Читаем Прах Энджелы. Воспоминания полностью

Он садится за стол, а тетя Эгги подает ему ужин - жареный хлеб, ветчину и нарезанные помидоры. Кыш от стола, говорит она нам, хорошь пялиться, дайте человеку спокойно чаю попить. А ему говорит: хорош подкармливать их ветчиной и помидорами. Arrah, отвечает он, Христа ради, Эгги, дети голодные, а она говорит: тебе какое дело, небось не твои. Она отправляет нас на улицу и велит вернуться спать к половине девятого. На улице мороз и нам хотелось бы погреться у печки, но лучше играть на улице, чем тут сидеть и слушать теткино нытье.
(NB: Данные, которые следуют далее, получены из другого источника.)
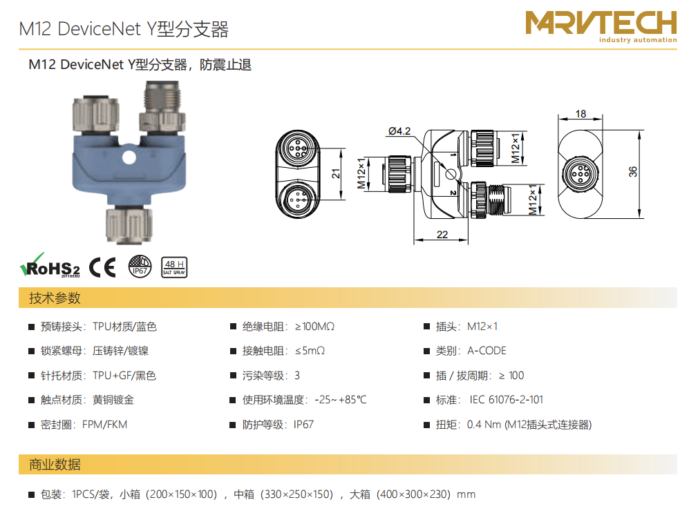 M 12 DeviceNet Y型分岐器-防振後退防止

Немного погодя она зовет меня в дом и отправляет на верхний этаж - занять резиновый коврик у соседки, у которой когда-то давно умер ребенок. Передай своей тете - пусть вернет, говорит соседка, мне еще пригодится, когда у меня снова будет малыш. У нее ребенок умер двенадцать лет тому назад, говорит тетя Эгги, а она все хранит этот коврик. Ей уже сорок пять, и если у нее и впрямь кто будет, видать, взойдет звезда на Востоке. А почему? - спрашивет Мэлаки. Не твоего ума дело, говорит она, много будешь знать – скоро состаришься.
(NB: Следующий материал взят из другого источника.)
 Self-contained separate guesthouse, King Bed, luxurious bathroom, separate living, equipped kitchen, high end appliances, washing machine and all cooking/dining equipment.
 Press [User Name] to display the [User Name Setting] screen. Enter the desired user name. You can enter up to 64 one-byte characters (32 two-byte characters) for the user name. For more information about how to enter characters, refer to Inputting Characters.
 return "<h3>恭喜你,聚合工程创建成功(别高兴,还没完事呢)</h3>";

Тетя Эгги стелет резиновый коврик на кровать и укладывает Альфи между собой и дядей Па. Она спит у стены, а дядя Па ложится с краю, потому что с утра ему вставать на работу. Нам велят устроиться на полу, у стены напротив - одно пальто постелить, двумя накрыться. Тетя Эгги говорит, что если ночью услышит от нас хоть слово, задницы нам надерет, а утром встать придется рано, потому что завтра Пепельная Среда, а нам не мешало бы сходить на мессу и помолиться за нашу бедную мать и ее пневмонию.

Нас будит пронзительный звонок будильника. Тетя Эгги, лежа в кровати, кричит нам: эй, вы трое, ну-ка встаем и на мессу. Слышите? Умылись, и марш к иезуитам.

На заднем дворе кругом иней и лед, и руки от воды щиплет. Мы слегка брызгаем себе на лица водой из-под крана и вытираемся полотенцем, не высохшим со вчерашнего дня. Мама сказала бы, что это было одно название, а не мытье, говорит Мэлаки.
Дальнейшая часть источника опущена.